In a way, there are a lot of similarities between Mutual Funds and Hedge Funds. In the both types of investments, a group of investors pool their money and invest in different type of securities. The main misconception about the funds is that people think that they are similar and the terms are interchangeable. In reality, they are not same and there is a very thin line between them. The main difference between these two funds is that in a Hedge fund the number of investors is very less while the Mutual fund has a large number of investors.
In simple words, a mutual fund can be considered an investment vehicle in which a group of people pools the money and a fund manager invests those funds in different securities. The manager often charges a fee for the administration of the fund, which depends on the size of the investment.
A hedge fund is an investment portfolio which is managed under investment partnership.

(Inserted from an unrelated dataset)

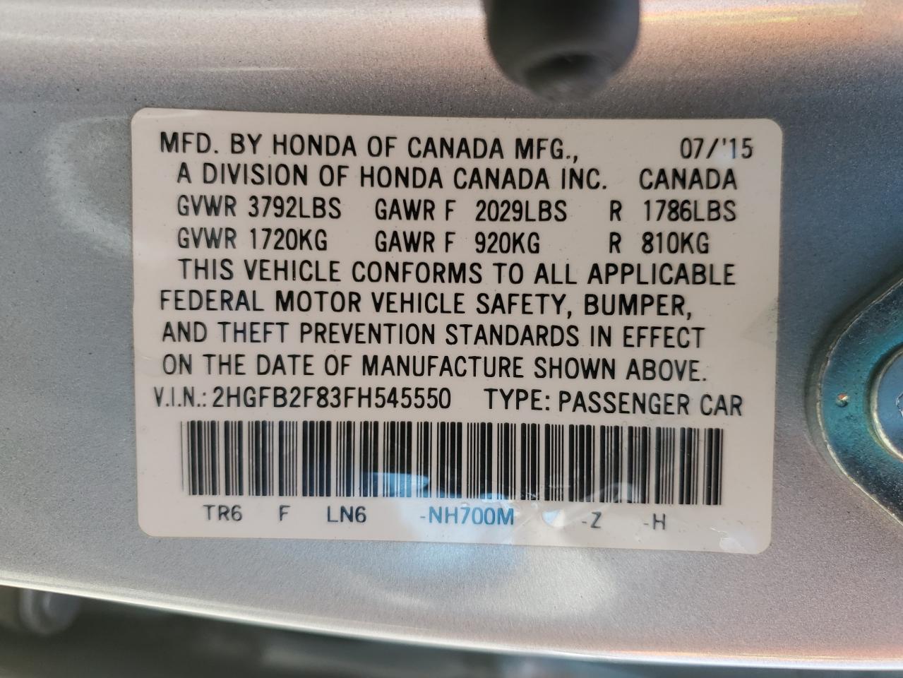 2HGFB2F83FH545550Final Bid

These types of funds are a private portfolio of investments which uses highly advanced strategies for the investment and risk management.
The key differences between Mutual and Hedge funds
- A hedge fund is a privately owned portfolio investment in which only a few investors are allowed. However, a mutual fund is a professionally managed investment plan where a number of investors pool their money to buy securities.
- The main aim of hedge funds is assured returns while mutual funds aim at relative returns.
- The owner of mutual funds can be thousands in number while in hedge funds the number of investors is very limited.
- The hedge funds are managed with highly advanced strategies and risk management techniques to ensure good returns which are not in the case of mutual funds.
- The hedge funds have high profile investors while the mutual funds include retail investors who invest relatively small amounts.
- Hedge funds have very limited regulations from the government side, however, in the case of mutual funds, the Securities Exchange Board of India (SEBI) issued guidelines from time to time.
- In the hedge funds, the management fees depend on the returns on the investment while in the case of mutual funds the management fees depend on the assets that are being managed.
- In mutual funds, the asset manager does not hold any substantial interest while in hedge funds the person or company that manages the funds also owns a large part of the investment.
- When it comes to mutual funds, the reports about the investments and returns have to be published yearly. Also, the disclosure of the investments has to be made public every six months. While in hedge funds the information about the investments and returns is released to the investors only.
The investments in both funds depend basically on the recourses you own. If you have a lot of funds you can invest in hedge funds. In case you have limited resources, you can choose to invest in one or two mutual funds depending on what kind of returns you are looking for.